Cool Spot, also known simply as Spot, was pretty appropriately named. He was actually an anthropomorphic version of the red dot in the 7 Up logo, which he usually transformed back into at the end of commercials. He wore sunglasses (hence the “Cool” part of his name), white gloves, and bulky sneakers. Despite his inability to speak, he communicated through high-pitched sounds, often with other identical Cool Spots. He first appeared ads in 1987 and was widely known for his video games in the 90s. His most popular one was creatively named Cool Spot and was released on multiple consoles including the Sega Genesis and Game Boy, among others. In the single-player platformer, Spot had to rescue other Cool Spots from cages, while collecting “spots” (which were essentially just red dots) and dodging enemies. Several other advergames were created after that, such as Spot: The Cool Adventure, Spot: The Video Game, and Spot Goes to Hollywood. Spot had a pretty short time in the limelight (get it? ‘cause… lime… and 7 Up… yeah, okay), and was retired in 1997 after only 10 years of activity. Stay cool, buddy!

1. Mr. Owl – Tootsie Pops

Remember the age-old question? Sure, ya do. How many licks does it take to get to the Tootsie Roll center of a Tootsie Pop? According to Mr.
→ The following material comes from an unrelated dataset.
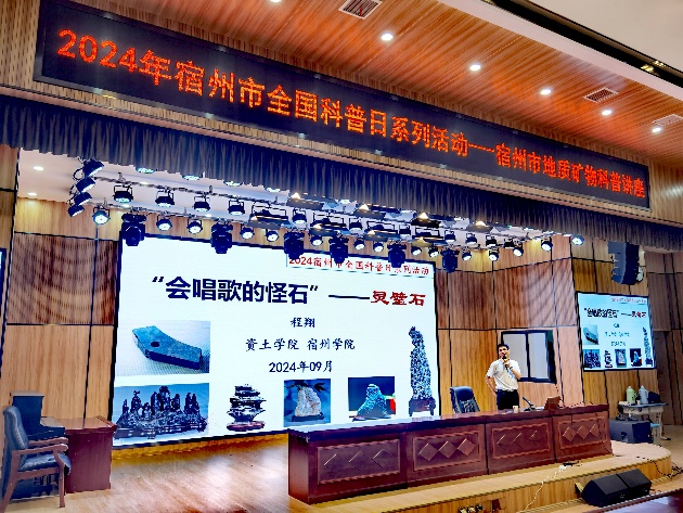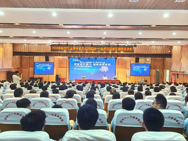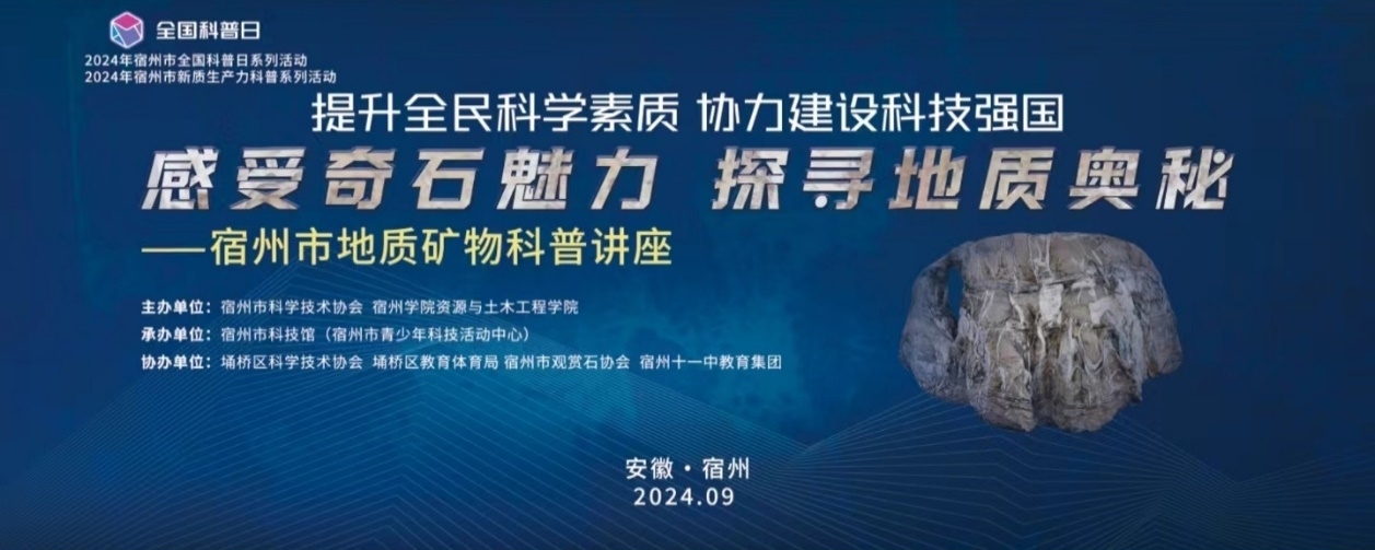 为提升全民科学素质,协力建设科技强国,宿州市科学技术协会和宿州学院资源与土木工程学院联合开展2024年宿州市全国科普日系列活动。9月29日,资源与土木工程学院副院长王明梁教授和程翔博士赴宿州十一中教育集团银河四路校区,为该校八年级的全体学生开展以“感受奇石魅力,探寻地质奥秘”为主题的地质矿物科普讲座。

Owl, it was three, but just like everyone else, he would bite into it, so that answer doesn’t really count. The original ad actually featured the boy asking a cow, fox, and turtle, each who referred the boy to the other, before being redirected to the wise Mr. Owl. While he started off closer to looking like a sketch, he was later polished up with color and cleaner linework. His feathering was kept white, while his glasses were colored blue, his beak and feet orange, and his scholar’s hat brown with a white question mark in the middle. If you recognize his voice, that’s because it belongs to Paul Winchell, who is also know as Tigger from Winnie the Pooh, Crackle from the Rice Krispies trio, or any of his other 74 roles in animation. Despite the Tootsie Pop in the original commercial being yellow, Mr. Owl was given a red one in his update. Incidentally, there’s no all-encompassing number to the famous Tootise Pop question. The number of licks it takes depends on several factors such as the size of the lick, the warmth of your mouth, and the amount of saliva you generate. It turns out the announcer was right: the world may never know.